> What needs to be done:
An exact copy of the listing is required, with its pictures removed.

Given information Start Marker

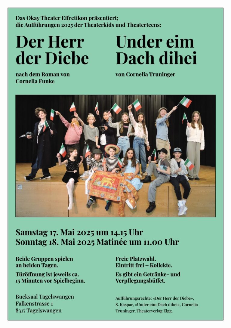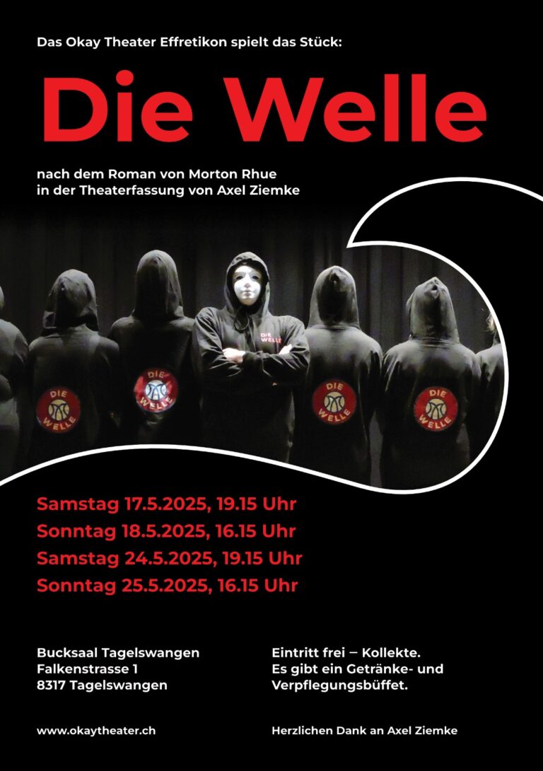Okay Theater Aufführungen 2025: Die Gestaltung der Flyer- und Plakatkampagne der Aufführungen meines Theatervereins. Meine Gruppe führte «Die Welle» auf, für die Welle habe ich ebenfalls das Logo und das Design der Requisiten (Wie zB. die Pullover) gestaltet.
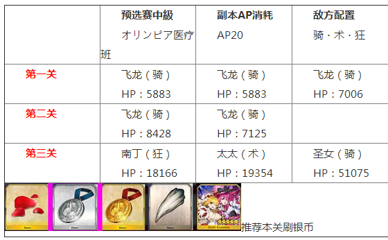 以上就是FGO尼禄祭再临预选赛中级的配置以及掉落一览了,预选赛中级有大量的骑阶飞龙和骑阶的圣女,所以建议用杀阶从者进行克制。
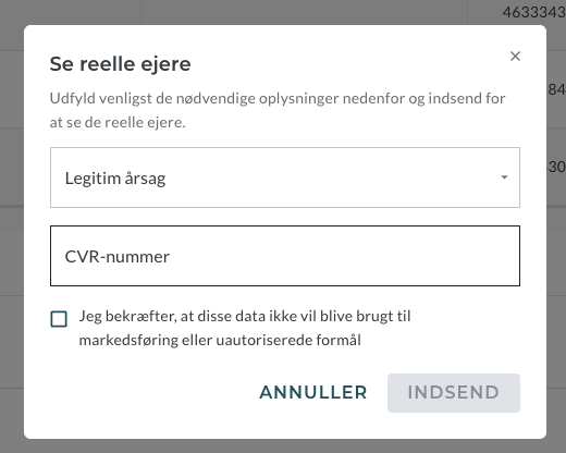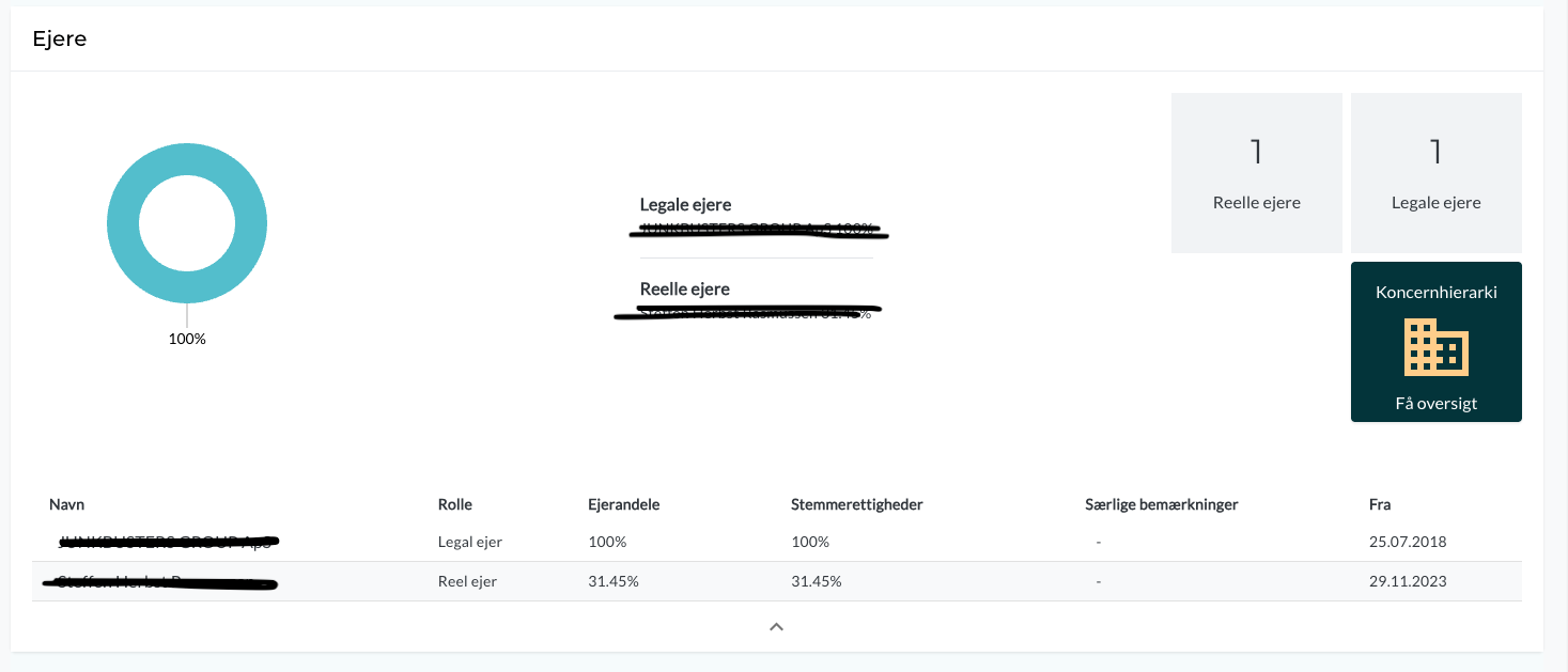 Når du har indsendt dine oplysninger, låses dataene op, og informationen om virksomhedens reelle ejere vil nu blive vist fuldstændig, som du er vant til.
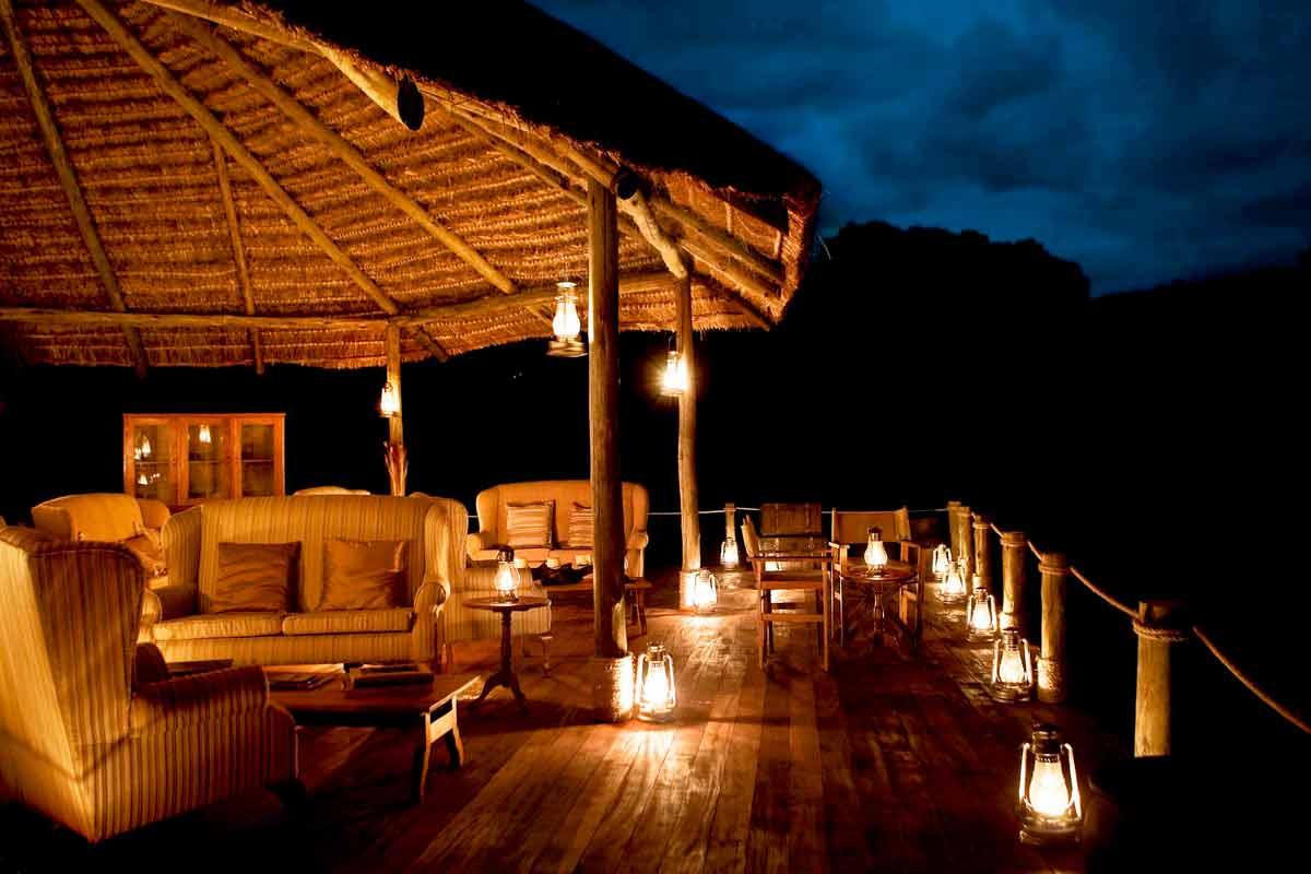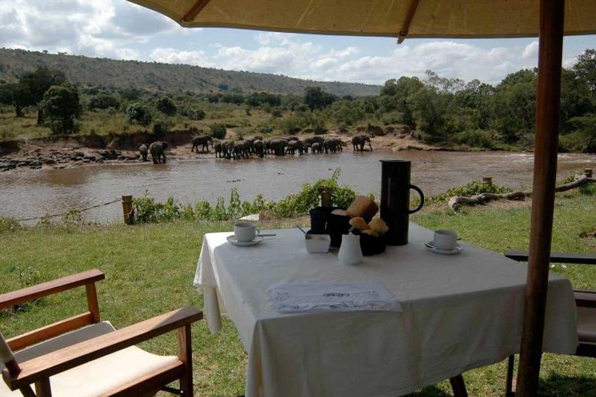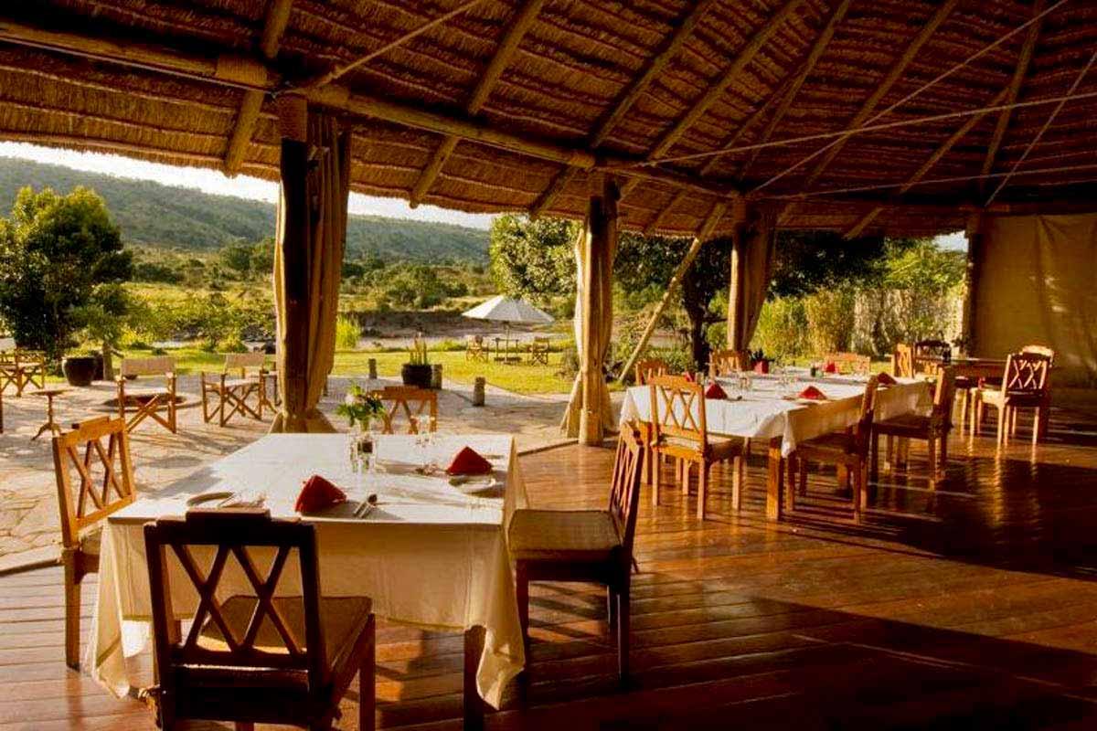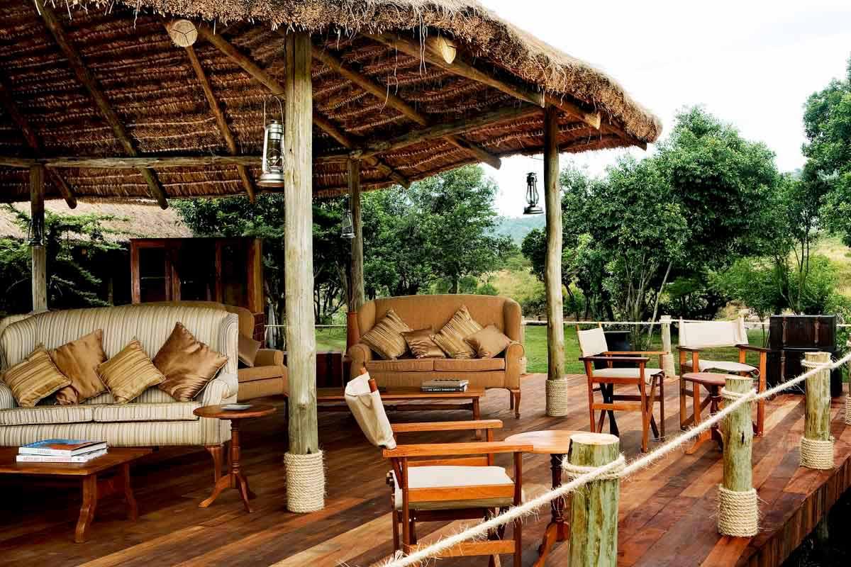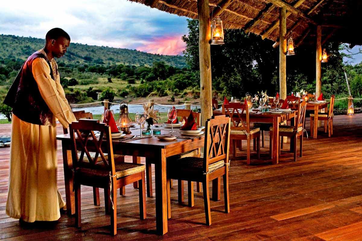 Les parties communes du KAREN BLIXEN CAMP se dressent sur des plateformes aux toits de makuti qui offrent une belle vue sur la rivière. Le restaurant, le bar et le salon offrent un bel espace.

Given information End Marker

> Exercise response:
Okay Theater Aufführungen 2025: Die Gestaltung der Flyer- und Plakatkampagne der Aufführungen meines Theatervereins. Meine Gruppe führte «Die Welle» auf, für die Welle habe ich ebenfalls das Logo und das Design der Requisiten (Wie zB. die Pullover) gestaltet.
 以上就是FGO尼禄祭再临预选赛中级的配置以及掉落一览了,预选赛中级有大量的骑阶飞龙和骑阶的圣女,所以建议用杀阶从者进行克制。
 Når du har indsendt dine oplysninger, låses dataene op, og informationen om virksomhedens reelle ejere vil nu blive vist fuldstændig, som du er vant til.
 Les parties communes du KAREN BLIXEN CAMP se dressent sur des plateformes aux toits de makuti qui offrent une belle vue sur la rivière. Le restaurant, le bar et le salon offrent un bel espace.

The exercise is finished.